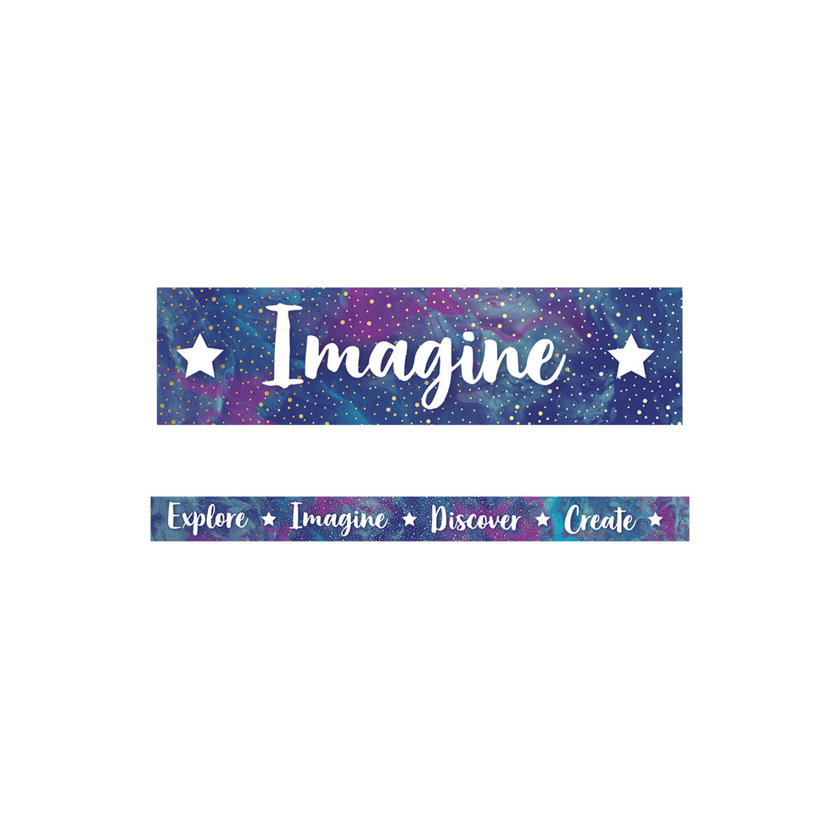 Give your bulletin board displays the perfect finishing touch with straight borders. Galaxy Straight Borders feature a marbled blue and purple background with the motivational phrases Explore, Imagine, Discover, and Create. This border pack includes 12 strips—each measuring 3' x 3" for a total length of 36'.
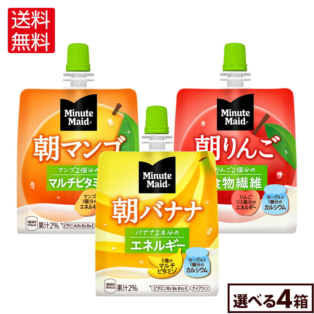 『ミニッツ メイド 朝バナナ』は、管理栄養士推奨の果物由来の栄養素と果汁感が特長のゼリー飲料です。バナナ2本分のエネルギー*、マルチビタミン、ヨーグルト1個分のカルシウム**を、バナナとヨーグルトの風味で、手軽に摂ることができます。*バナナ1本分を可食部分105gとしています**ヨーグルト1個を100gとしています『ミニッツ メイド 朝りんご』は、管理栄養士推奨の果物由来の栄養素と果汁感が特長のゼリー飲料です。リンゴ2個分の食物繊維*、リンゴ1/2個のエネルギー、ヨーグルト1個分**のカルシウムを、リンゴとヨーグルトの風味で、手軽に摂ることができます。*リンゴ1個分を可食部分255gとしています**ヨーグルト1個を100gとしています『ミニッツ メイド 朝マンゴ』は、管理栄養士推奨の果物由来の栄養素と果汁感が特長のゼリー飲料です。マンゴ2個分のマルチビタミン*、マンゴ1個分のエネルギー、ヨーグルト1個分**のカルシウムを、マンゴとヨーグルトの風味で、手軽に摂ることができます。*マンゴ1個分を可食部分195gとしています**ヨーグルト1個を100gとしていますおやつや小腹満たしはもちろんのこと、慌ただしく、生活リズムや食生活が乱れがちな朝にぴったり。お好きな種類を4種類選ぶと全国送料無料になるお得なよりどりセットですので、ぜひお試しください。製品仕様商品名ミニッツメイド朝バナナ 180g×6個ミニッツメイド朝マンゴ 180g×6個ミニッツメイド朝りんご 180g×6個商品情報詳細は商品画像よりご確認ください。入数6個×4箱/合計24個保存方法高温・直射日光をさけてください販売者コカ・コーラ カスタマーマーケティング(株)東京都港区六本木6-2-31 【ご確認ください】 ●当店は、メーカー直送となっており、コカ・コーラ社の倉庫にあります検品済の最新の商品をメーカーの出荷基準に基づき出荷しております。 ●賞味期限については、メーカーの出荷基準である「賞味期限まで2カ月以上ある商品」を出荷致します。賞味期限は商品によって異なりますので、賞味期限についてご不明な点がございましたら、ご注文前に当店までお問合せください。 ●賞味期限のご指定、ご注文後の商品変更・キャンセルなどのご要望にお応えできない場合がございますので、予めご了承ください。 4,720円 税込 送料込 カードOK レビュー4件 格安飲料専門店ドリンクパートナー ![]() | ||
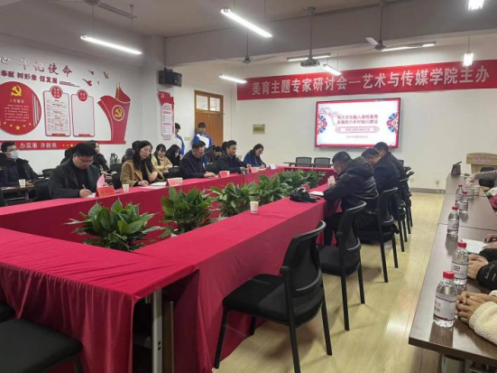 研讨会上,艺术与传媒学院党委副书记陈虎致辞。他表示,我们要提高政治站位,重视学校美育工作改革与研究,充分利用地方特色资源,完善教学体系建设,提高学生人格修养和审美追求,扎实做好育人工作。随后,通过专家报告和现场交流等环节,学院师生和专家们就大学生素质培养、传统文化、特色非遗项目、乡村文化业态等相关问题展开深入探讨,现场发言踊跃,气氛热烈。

★ ★ ★ ★ ★

### Problem
Copy out the data verbatim, with no pictures.

### Finished exercise
 Give your bulletin board displays the perfect finishing touch with straight borders. Galaxy Straight Borders feature a marbled blue and purple background with the motivational phrases Explore, Imagine, Discover, and Create. This border pack includes 12 strips—each measuring 3' x 3" for a total length of 36'.
 『ミニッツ メイド 朝バナナ』は、管理栄養士推奨の果物由来の栄養素と果汁感が特長のゼリー飲料です。バナナ2本分のエネルギー*、マルチビタミン、ヨーグルト1個分のカルシウム**を、バナナとヨーグルトの風味で、手軽に摂ることができます。*バナナ1本分を可食部分105gとしています**ヨーグルト1個を100gとしています『ミニッツ メイド 朝りんご』は、管理栄養士推奨の果物由来の栄養素と果汁感が特長のゼリー飲料です。リンゴ2個分の食物繊維*、リンゴ1/2個のエネルギー、ヨーグルト1個分**のカルシウムを、リンゴとヨーグルトの風味で、手軽に摂ることができます。*リンゴ1個分を可食部分255gとしています**ヨーグルト1個を100gとしています『ミニッツ メイド 朝マンゴ』は、管理栄養士推奨の果物由来の栄養素と果汁感が特長のゼリー飲料です。マンゴ2個分のマルチビタミン*、マンゴ1個分のエネルギー、ヨーグルト1個分**のカルシウムを、マンゴとヨーグルトの風味で、手軽に摂ることができます。*マンゴ1個分を可食部分195gとしています**ヨーグルト1個を100gとしていますおやつや小腹満たしはもちろんのこと、慌ただしく、生活リズムや食生活が乱れがちな朝にぴったり。お好きな種類を4種類選ぶと全国送料無料になるお得なよりどりセットですので、ぜひお試しください。製品仕様商品名ミニッツメイド朝バナナ 180g×6個ミニッツメイド朝マンゴ 180g×6個ミニッツメイド朝りんご 180g×6個商品情報詳細は商品画像よりご確認ください。入数6個×4箱/合計24個保存方法高温・直射日光をさけてください販売者コカ・コーラ カスタマーマーケティング(株)東京都港区六本木6-2-31 【ご確認ください】 ●当店は、メーカー直送となっており、コカ・コーラ社の倉庫にあります検品済の最新の商品をメーカーの出荷基準に基づき出荷しております。 ●賞味期限については、メーカーの出荷基準である「賞味期限まで2カ月以上ある商品」を出荷致します。賞味期限は商品によって異なりますので、賞味期限についてご不明な点がございましたら、ご注文前に当店までお問合せください。 ●賞味期限のご指定、ご注文後の商品変更・キャンセルなどのご要望にお応えできない場合がございますので、予めご了承ください。 4,720円 税込 送料込 カードOK レビュー4件 格安飲料専門店ドリンクパートナー ![]() | ||
 研讨会上,艺术与传媒学院党委副书记陈虎致辞。他表示,我们要提高政治站位,重视学校美育工作改革与研究,充分利用地方特色资源,完善教学体系建设,提高学生人格修养和审美追求,扎实做好育人工作。随后,通过专家报告和现场交流等环节,学院师生和专家们就大学生素质培养、传统文化、特色非遗项目、乡村文化业态等相关问题展开深入探讨,现场发言踊跃,气氛热烈。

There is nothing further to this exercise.